KIDS Centers of America
- Founded: 1984
- Founder: Virgil Miller Newton
- Defunct: circa 1990 (in many locations)
- Type: Private behavior-modification/treatment organization
- Location: ‹See TfM›;
- Region served: United States and Canada

= KIDS Centers of America =

Network of residential and behavioral programs for children in North America

KIDS Centers of America (often abbreviated KIDS) was a chain of behavior-modification and residential treatment programs for adolescents and young adults, founded by anthropologist Dr. Virgil Miller Newton. The organization operated several regional programmes across the United States and Canada, including: KIDS of Bergen County (New Jersey), KIDS of North Jersey, KIDS of El Paso (Texas), KIDS of Southern California (California), KIDS of Greater Salt Lake (Utah) and KIDS of the Canadian West (Canada).

== History ==
Dr. Newton had previously served as the National Clinical Director of Straight, Inc. and left that organization in 1982 amid allegations of abuse and insurance fraud. He then founded KIDS as a "spin-off" network of treatment centers he intended to expand nationally.

== Program structure and methods ==
The KIDS programmes adopted a level-system (often five levels) in which newly admitted clients (often called "newcomers") were subject to highly structured routines, peer-monitoring, long hours of group sessions, isolation from family and friends, and other controversial methods reportedly borrowed from Straight Inc's model.

== Programmes ==
=== KIDS of Bergen County (New Jersey) ===
Started operating in 1984 and treated people between the ages of 12 years old and 22 years old.

=== KIDS of Southern California (California) ===
Also called KIDS of Yorba Linda; opened March 1988 in Yorba Linda, California, in the same building later used by Straight Inc's Southern California expansion.

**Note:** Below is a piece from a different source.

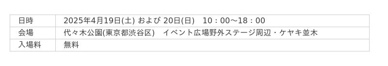 日時:2025年4月19日(土) および 20日(日) 10:00~18:00

In May 1988, the programme was notified by the State of California Health & Welfare Agency that it was operating without a license. It closed in 1989.

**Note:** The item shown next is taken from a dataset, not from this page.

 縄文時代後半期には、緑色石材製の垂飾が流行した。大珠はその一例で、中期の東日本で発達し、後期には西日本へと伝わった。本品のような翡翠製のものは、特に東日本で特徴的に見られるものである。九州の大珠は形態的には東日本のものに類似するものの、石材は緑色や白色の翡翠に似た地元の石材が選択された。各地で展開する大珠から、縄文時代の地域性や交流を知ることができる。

=== KIDS of Greater Salt Lake (Utah) ===
Opened January 1988 in Salt Lake City the program operated for two years when on January 19, 1990, two peer counselors they were arrested a 19-year-old patient who failed out to sign out forcing him into car the two counselors were detained at Salt Lake County Jail. they were charged with unlawful detention and assaulted. In June 1990 the program had its license revoked and closed.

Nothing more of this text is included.